Prior for a covariance matrix

Hi Everyone,

I am stuck in a fix.
I want to sample a covariance matrix \Sigma_e.
So, I am using Inv-Wishart distribution to sample \Sigma_e using scale matrix \Lambda and degree of freedom v. And then use this covariance matrix \Sigma_e as a parameter in Multivariate normal distribution.
Everything works fine if the dimension of the covariance matrix is small e.g., ten or less, but if the dimension of the matrix is large, e.g., 11 or more.
The model does not fit properly and shows fitting errors.
Can anyone help me understand what is happening and how could I fix it?

sigma_err   ~    inv_wishart(sigma_error_dof, diag_matrix(rep_vector(sigma_error_variance,N)));
count       ~    multi_normal(count_hat, sigma_err);

this is the error that i am getting:

Exception: inv_wishart_lpdf: LDLT_Factor of random variable is not positive definite.  last conditional variance is -4.44089e-16.

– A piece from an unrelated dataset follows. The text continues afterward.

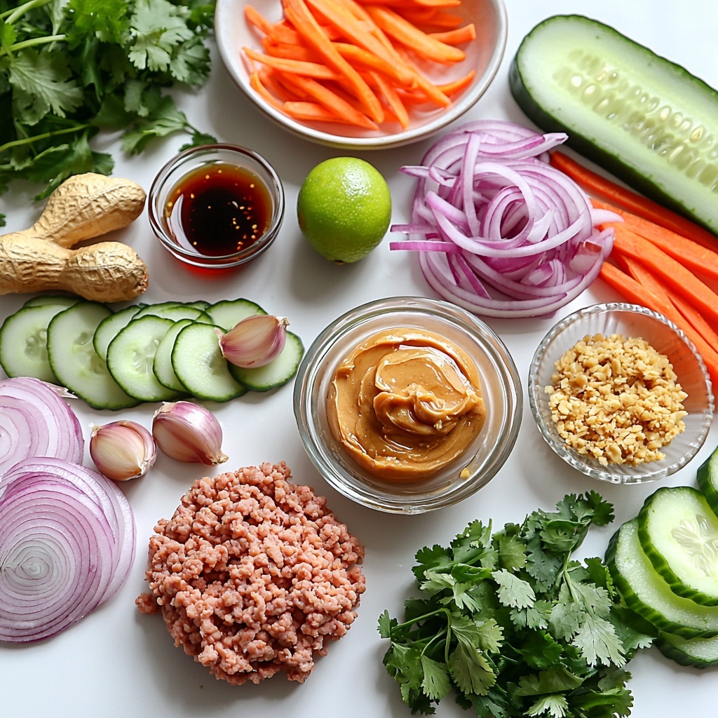These ingredients are straightforward, but each one plays an important role, combining to create a flavorful, moist turkey burger with a delicious Thai-inspired peanut sauce. The freshness from herbs and spices complements the creamy peanut butter and crisp veggies, giving you a perfectly balanced bite every time.
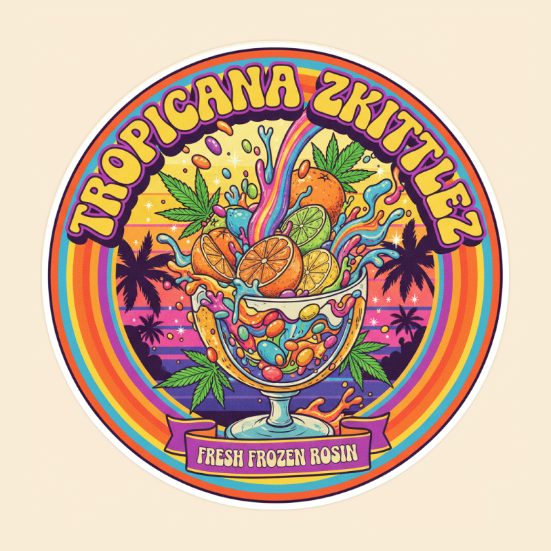 Tropicana Zkittles THCa Flower is a candy-store explosion of tropical flavor and color. This sativa-leaning hybrid combines Tropicana Cookies with Forbidden Zkittlez, merging the citrus-forward brightness of Tropicana genetics with the grape-candy sweetness of the Zkittlez family.

How did you declare sigma_err? Try

cov_matrix[K] sigma_err;

If this does not help, we recommend using the LKJ distribution and it’s cholesky decomposition. See the Stan manual.
It’s much faster and numerically stable.

This is how I am modelling the process,

model_code = """
    data {
        matrix[24, 6]         X[75];
        vector[75]            crime_count[24];
    }

    parameters {
        vector[75]            alpha;
        vector[6]             beta[75];
        cov_matrix[75]        sigma_err;
    }

    transformed parameters {
        vector[75]            crime_count_hat[24];
        for(j in 1:75) {
            for(t in 1:24) {
                crime_count_hat[t, j] = alpha[j] + dot_product(X[j, t], beta[j]);
            }
        }
    }
    
    model {
        alpha       ~    normal(0, 100);
        beta        ~    multi_normal(rep_vector(0, 6), diag_matrix(rep_vector(50,6)));
        sigma_err   ~    inv_wishart(76, diag_matrix(rep_vector(0.1, 75)));
        crime_count ~    multi_normal(crime_count_hat, sigma_err);
    }
    """

I have tried passing different values to the scale matrix, instead of 0.1, for e.g. 100, 1000

But in each case, it gives same error.

I know it’s not ideal. If you want to keep the inverse wishart, you may use the barlett decomposition of the wishart distribution and since it’s triangular the calc. of it’s inverse is cheap. There is a chapter in Stan’s manual too.

Could you provide me with a link. It seem I am not able to find it.

If possible , can you help me with a example code for bartlett decomposition of the Wishart distribution?

Pages 280ff, especially 282-283.

Thank you.

Is there any way we can put some kind of try-catch construct around inv-wishart sampling, so that when samples are not positive definite it just resamples until it finds one?

I don’t think it’s the way to go.
You can provide your own initialization, which helps with high-dimensional LKJ sampling problems, which is the way recommended to sample a covariance matrix.
What you can try is to sample from a wishart distribution apply the cholesky decomposition and invert it.